- Louviers
- U.S. National Register of Historic Places
- Location: 10 Black Gates Rd., Wilmington, Delaware
- Coordinates: 39°47′8″N 75°34′20″W﻿ / ﻿39.78556°N 75.57222°W
- Area: 9.9 acres (4.0 ha)
- Built: 1833
- Architectural style: Greek Revival
- NRHP reference No.: 71000231
- Added to NRHP: December 13, 1971

= Louviers (Wilmington, Delaware) =

Historic house in Delaware, United States

Louviers, also known as Upper Louviers and Black Gates, was a historic home located at Wilmington in New Castle County, Delaware.

==History==
The original section was built in 1833 as a two-story stone dwelling measuring 31 feet, 8 inches wide and 35 feet long. Additions were made in 1833, 1837, after 1837, and after 1901. The second addition included a third floor and a facade with a Greek Revival style porch.
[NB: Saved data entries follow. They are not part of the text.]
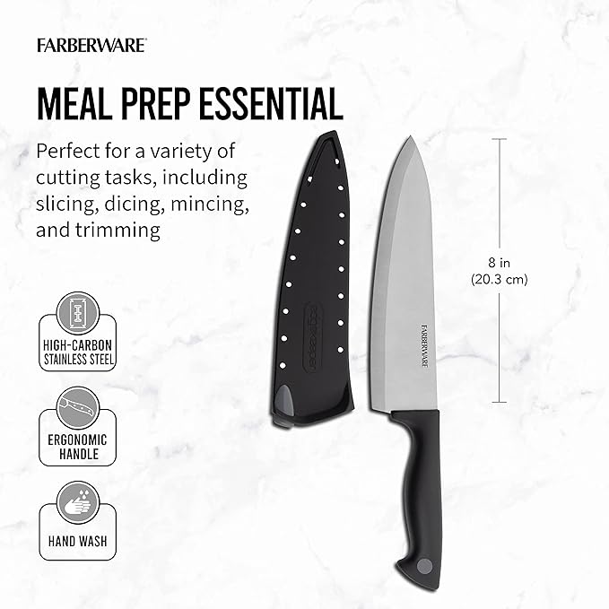 About This CUTLERY ESSENTIAL: This Farberware 8-inch Chef Knife with a sharpening blade cover is essential for your everyday food... Read more
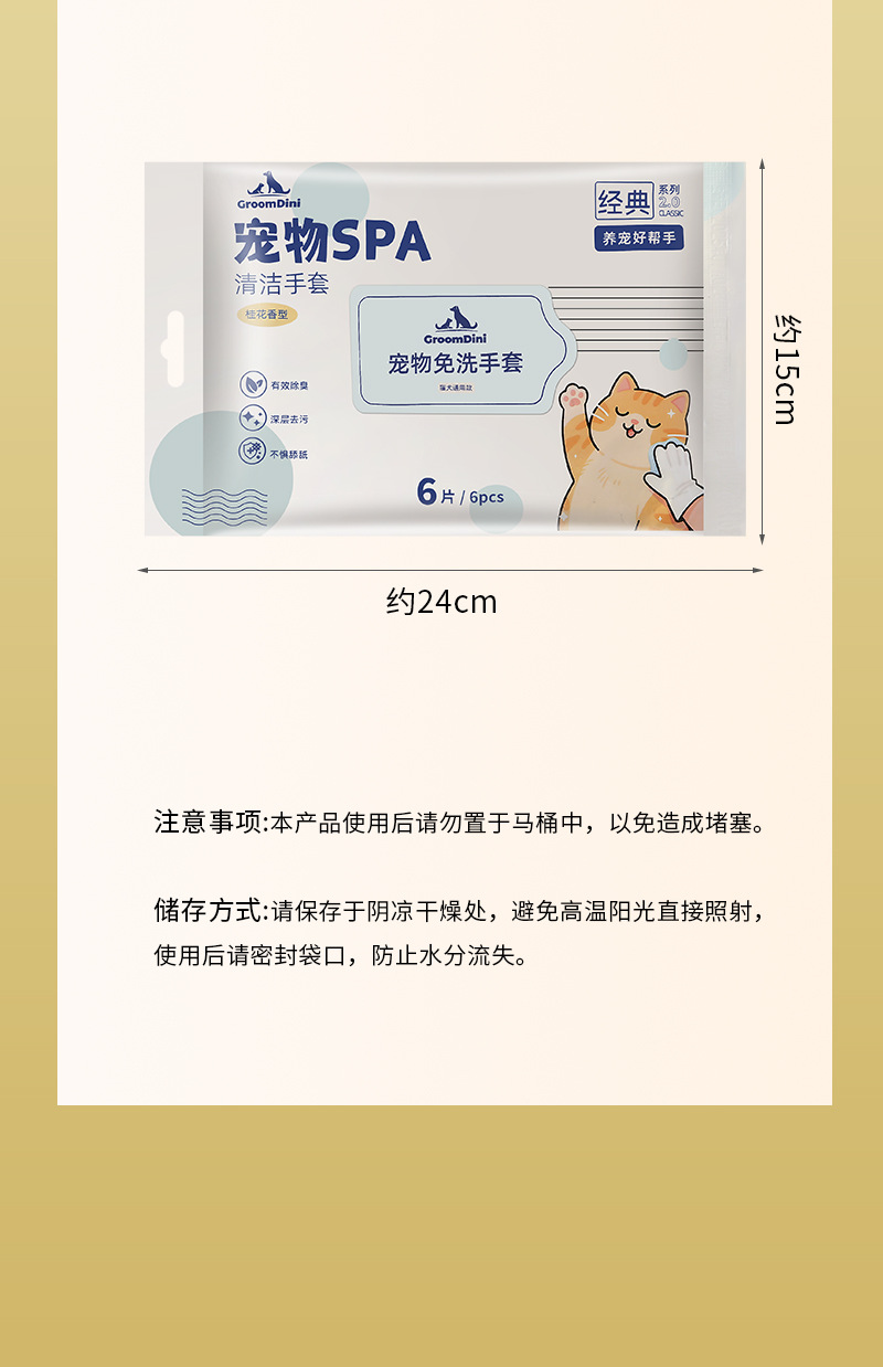 | Productos de mascotas | Guantes de toallitas húmedas, guantes sin lavado para mascotas, guantes desechables, guantes desodorantes, guantes desodorantes |
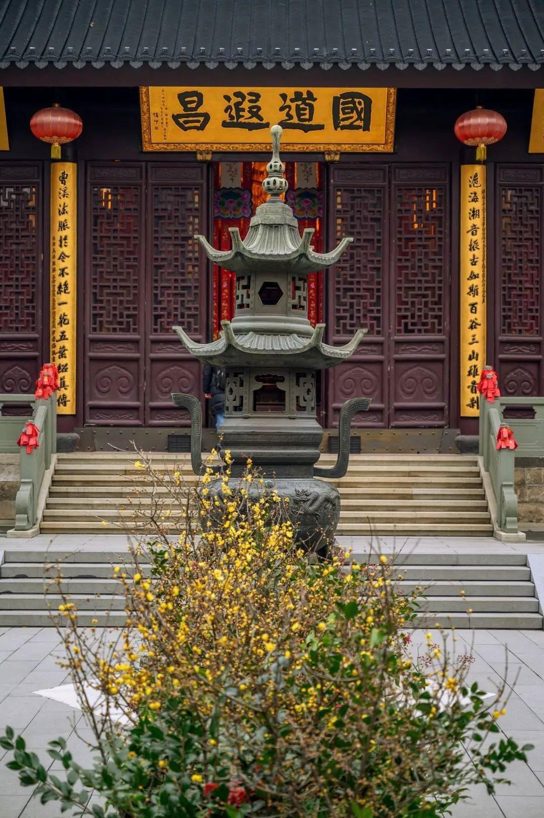 广场后方是观音殿,广场两边分别是文殊殿、普贤殿,三位大菩萨亦能与诸佛一同欣赏这沁人心脾的梅花林。
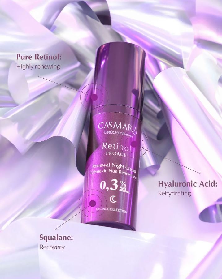 Thuộc bộ sưu tập Beauty Plan Premium – Facial Collection, CASMARA Retinol Proage Renewal Night Cream là kem dưỡng ban đêm chứa Retinol tinh khiết 0.15% và 0.30%, được phát triển nhằm hỗ trợ tái tạo da, cải thiện nếp nhăn và tăng cường độ săn chắc.
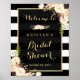 Póster de letrero de fiesta de despedida de soltera con flores y rayas en blanco marfil.
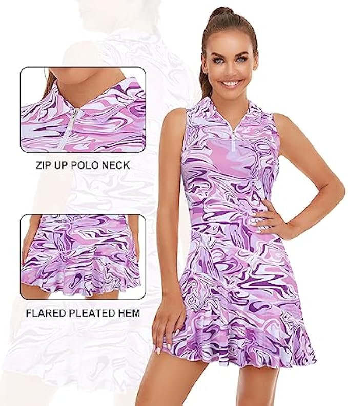 <li class="a-spacing-mini"><span class="a-list-item"> 95% Polyester, 5%Spandex. 4 way stretch, moisture wicking, breathable, lightweight, smooth and comfy, let you fully enjoy movements. </span></li> <li class="a-spacing-mini"><span class="a-list-item"> Imported </span></li> <li class="a-spacing-mini"><span class="a-list-item"> Zipper closure </span></li> <li class="a-spacing-mini"><span class="a-list-item"> 【Functional Inner Shorts】Detached shorts with two side pockets are enough to hold your phone while exercising, and convenient to keep tennis ball. </span></li> <li class="a-spacing-mini"><span class="a-list-item"> 【Quarter Zipper】Elegant polo collar design combined with classic v-neck quarter zipper, for a sporty and stylish look. </span></li> <li class="a-spacing-mini"><span class="a-list-item"> 【Exquisite Design】Sleeveless armholes curve smoothly and fit under the armpits. The three-line design of this athletic dress makes it more attractive. </span></li> <li class="a-spacing-mini"><span class="a-list-item"> 【Slim Fitted】 Classic Slim fitted cut better show your body curves, to show off femininity during exercise activities. </span></li> <li class="a-spacing-mini"><span class="a-list-item"> 【Occasions】Versatile workout dress is perfect for golf, tennis, badminton, running, hiking, shopping, dog walking, traveling and causal wear. </span></li>

From 1837 to 1865, it was the home of Rear Admiral Samuel Francis Du Pont, a member of the prominent Du Pont family. Also located on the property are contributing gate houses, and an iron bridge (1877) that joined Louviers to the powder yards.

It was added to the National Register of Historic Places in 1971. The house has since been demolished, and its site incorporated into the DuPont Country Club. However, the gate houses along Rockland Road and the iron bridge over the Brandywine remain.